The best I found was:
int hash_fn (char * p)
{
int hash = 0;
while (*p) {
hash = hash + *p;
// Rotate a 31 bit field 7 bits:
hash = ((hash << 7) | (hash >> 24)) & 0x7fffffff;
}
return hash;
}
[I haven't kept my test program / data set - if anyone compares the
above
to the others functions mentioned on the list, let me know.]
The 31 and 7 were determined experimentally. But the 31 has a
theoretical
explanation (which might even be valid):
The rotate is equivalent to a multiplication by x**7 in Z_2[P=0],
where P is the polynomial x**31 - 1 (over Z_2).
Presumably the "best" P would be irreducible - but that would have more
bits set in the polynomial, making reduction harder.
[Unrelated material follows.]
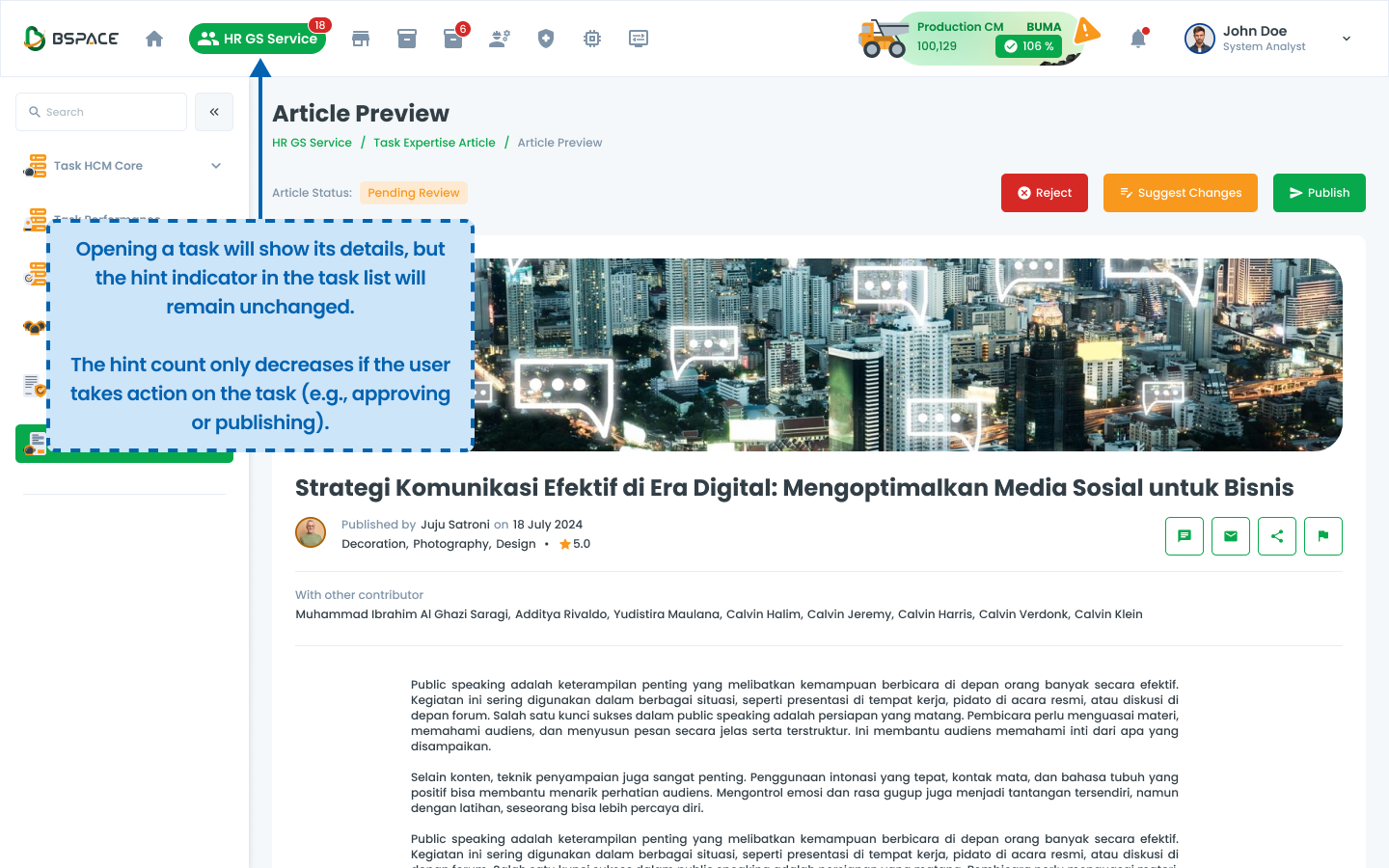 Opening an article task moves it from the pending list to an updated status.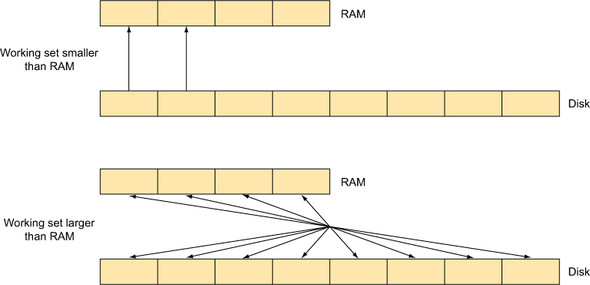 Figure 13.4. The impact on disk usage when the working set exceeds RAM

A compromise is to
choose P in the form x**N - 1 but with relatively few factors.
X**31 - 1 is such a P.
Also, a 32 bit rotate (modulo X**32 - 1, which is equal
to (X - 1) ** 32 over Z_2), came out pretty badly.
One thing that shouldn't be forgotten about hashing for hash tables
is that you have to reduce the hash value to the required range - doing
that well greatly reduces the difference between various hash functions.
Ralph.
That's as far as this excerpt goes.